APAture 2000

APAture 2000 : Schedule

APAture Panel and Workshops

SomArts, San Francisco, CA

Panel Discussion
Blood or Water? APA Pan-Ethnicity in the Arts, Tuesday, September 26, 7 PM

Workshops
Saturday, September 30; 2-7 PM

THE PANEL
Moderator:
Jaime Cortez

Panelists: Chaya Bhuvaneswar
Chris Brown
Jason Jong
Greg Morozumi
Dennis Somera
Chi-hui Yang

Panel Discussion: Blood or Water? APA Pan-Ethnicity in the Arts

APAture both celebrates and examines the creative and social processes of our communities' young artists. As an introduction and a thoughtful counterpoint to the high energy of our Saturday expo, the APAture curators present a panel discussion focusing on a major theme concerning artists in our communities. APAture 2000 chooses the pan-ethnic nature of the APA arts community as a focus this year.

Background

Asian Pacific America is a constructed community -- but one that seems to have achieved, in the last thirty years, a kind of cohesion. The APA arts community seems to draw from this cohesion to form a distinct communal entity.

  • Through what modes has this cohesion been achieved? To what extent have pan-ethnic and ethnic-focused community arts organizations facilitated the construction of this "pan-ethnicity"?
  • To what extent and in which circumstances does the APA arts community function as a single community or identity?
  • What is the difference between a "pan-ethnicity" and an ethnicity? What effect might these differences have on how we understand ourselves to be Asian Pacific American artists?
  • What hierarchies remain between APA ethnicities within our arts organizations?

Focus

How do art and culture contribute to an understanding of these issues? To what extent are artistic and cultural projects/organizations related to the development of APA pan-ethnicity?

  • How do APA artists use their cultural background in their artwork?
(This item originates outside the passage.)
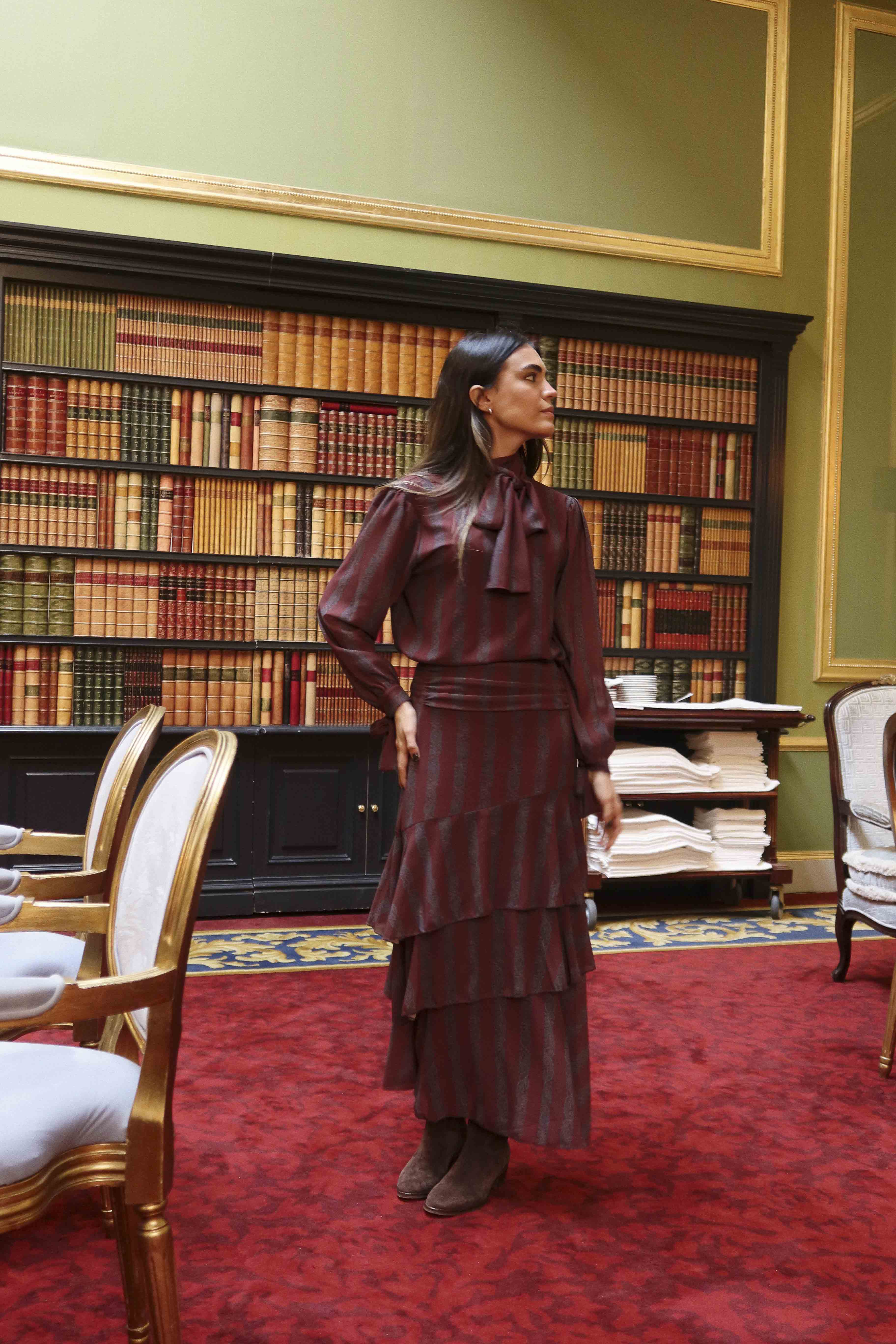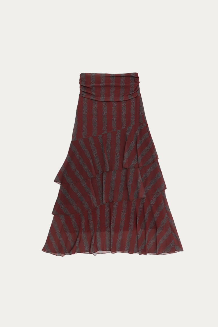 Falda Strep Paisley Burdeos

Are traditional cultural forms still alive among artists in our generation or have they devolved into stereotypes to use or break?
  • Do APA artists connect better with the traditional artistic forms of their own ethnicities, or do they feel entitled to the forms of all APA ethnicities (e.g.: A Nikkei artist using Chinese dragon images, A Chinese American playing the sitar, etc.)?
  • Who collaborates across APA ethnicities, why and how? Is there some sort of artistic and cultural sense made by uniting different traditional Asian ethnic art forms? Or is it a shotgun marriage, with politics holding the weapon?
  • To what extent does form contribute to the work? Does work discussing an APA identity require forms from APA traditions? Is work by an APA artist presented in a community context necessarily "APA art" even if it follows no traditional forms nor deals with community issues?
see schedule

 

Workshops

2:45 - 3:45 PM

Speak from the Heart: Effective Public Speaking
Public Speaking Workshop
Facilitated by Christopher Wong

Surveys have shown that some people fear public speaking more than death. Especially as Asian Americans, our stereotypical image is that we are docile, quiet and obedient. Effective public speaking helps you stand up with confidence so you can speak from your heart and influence those around you. Christopher Wong will teach the basics of effective public speaking in this interactive workshop.

4:00 - 5:30 PM

Byte Me! Fetishes, Rants & New APA Voices Online
Open Panel Discussion
Moderated by Annie Koh (www.crankygirls.com)

Panelists: Ha Le Cao (How Now Brown Cow), Mimi Nguyen (worsethanqueer.com), Jeff Ow (flowerdrumsong.com), Phillina Sun (Musings of an Orangepeeler), Kristina Wong (bigbadchinesemama.com), and others. Asian Americans are currently the most wired ethnicity and the number of Asian Americans establishing personal-public zines or journals grows every day. What does this mean for a community ignored in American history books, and tokenized in the media, and fetishized in mainstream imagination? Specifically, How does the internet build an audience for a multiplicity of Asian American voices and avoid the Joy Luck Club syndrome? ("Oh, now I understand your kind!")

5:30 - 7:00 PM

The Next Movement
Performance Workshop
Facilitated by Anita de Asis

Combining word, movement, theatre, multi-media, kulintang, hip hop, blues, jazz and martial arts - Anita de Asis brings talented artists together to make people's art for people's power. She believes art and culture are tools for social change and weapons against oppression. In this very interactive workshop participants of all artistic levels and backgrounds will discuss and then use spoken word, movement and dance to create a performance piece that deals with the legacy of resistance in the Asian Pacific Islander communities. This piece will then be performed on the spot at APAture!